Another variation particular for when playing on basketball courts is that if the one team throws a dodgeball and it lands in the opposing teams basketball basket, all of its prisoners are freed. There are even more variations. Prisoners only get out of prison when someone on their team catches a ball, but prisoners can still throw balls at the other team to get them out. Prisoners are released in the order that they are put into prison.

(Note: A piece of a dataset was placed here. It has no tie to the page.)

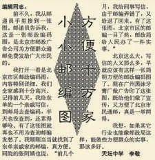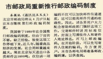 包括本报在内的多家报社在报纸上带头刊登自己的邮政编码,同时按照国家标准印制各自的专用信封。在各大报纸的推动下,填写邮政编码的人越来越多。(1987年9月24日《北京日报》2版,《首都各家大报率先刊登邮政编码》)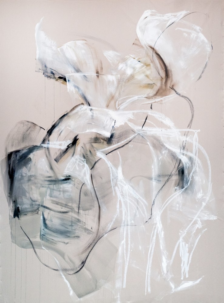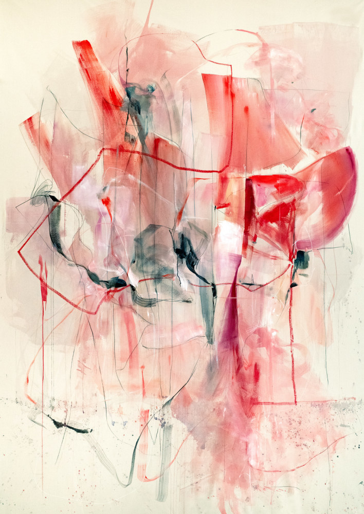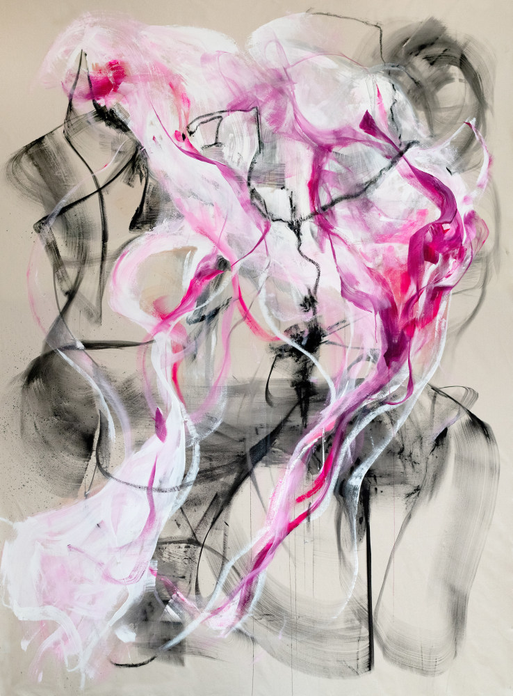 Inspired by nature’s fluid curves and movement, this series by Uruguayan artist, Vicky Barranguet, features a bold yet subtle palette that includes soft pinks, nudes, reds, black, white, and blues, evoking the contrast of light and shadow across the seasons. The raw canvas captures the graceful lines of the human figure, reflecting the way fabric flows in the wind during an emotional dance. This series, part of a collaboration with designer Robert Rodriguez, merges the romance and beauty of the desert, ocean, and the human form into a seamless expression of natural elegance.

Nationball (popularized in coastal Los Angeles and in past years played in schoolyards and the LA County Junior Lifeguards program) is a variation played with one ball and with one player from each team starting in the "prison" serving as the goalie. Only that player is allowed to return to the main court as they start the game with an extra life in exchange for initially serving as the goalie. Once other players are hit with a ball, they can continue to play the game but must remain behind the court in the "prison" area. A thrown ball must hit another player and then hit the ground to count as an "out." Once the ball hits the ground it is dead. If a ball is caught, the thrower is out and must go to the opposite end of the court to their respective "prison" area. Headshots do not count, unless the hit player ducks first and then is hit in the head (thus ducking "into" the headshot). Other variations of nationball include playing with multiple balls, or allowing all "jailed" players to return to the main court if there's only one player left and they withstand 30 throws without being hit.

Another usually standard rule is that "caught" balls are equally considered such (for the purposes of getting taken out or put back in) whether they are thrown by active team member or prisoners.

Nationball has been popular in continental Europe since at least the early eighteen-hundreds.

Also known as jail ball or jailbreak or prison ball follows the same rules as normal dodgeball, except that it incorporates the goal boxes on either end of the court; they are referred to as "jails." When a player gets out, he goes to "jail." In order for a player to get out of jail they must use a ball to get a player on the opposing team out. At this point the player is released from jail to play once more, and the other player goes to jail. This version dates back to 1966, and is also sometimes known as prisoner dodgeball.

Also played with being released from jail by catching a ball thrown from your own team from across the court, they would then get free passage to the other side, this version is without the ability to hit the other team while in jail.

Another variation has a prisoner released from prison when they receive a ball in prison and then proceed to hit an opposing player, also putting the opposing player in prison.

A further variation in Britain for scouts and physical education classes, is benchball. Those in prison stand on a bench behind the opposition, making it slightly easier to get out of jail.

This is not the real version of benchball, which more closely resembles netball.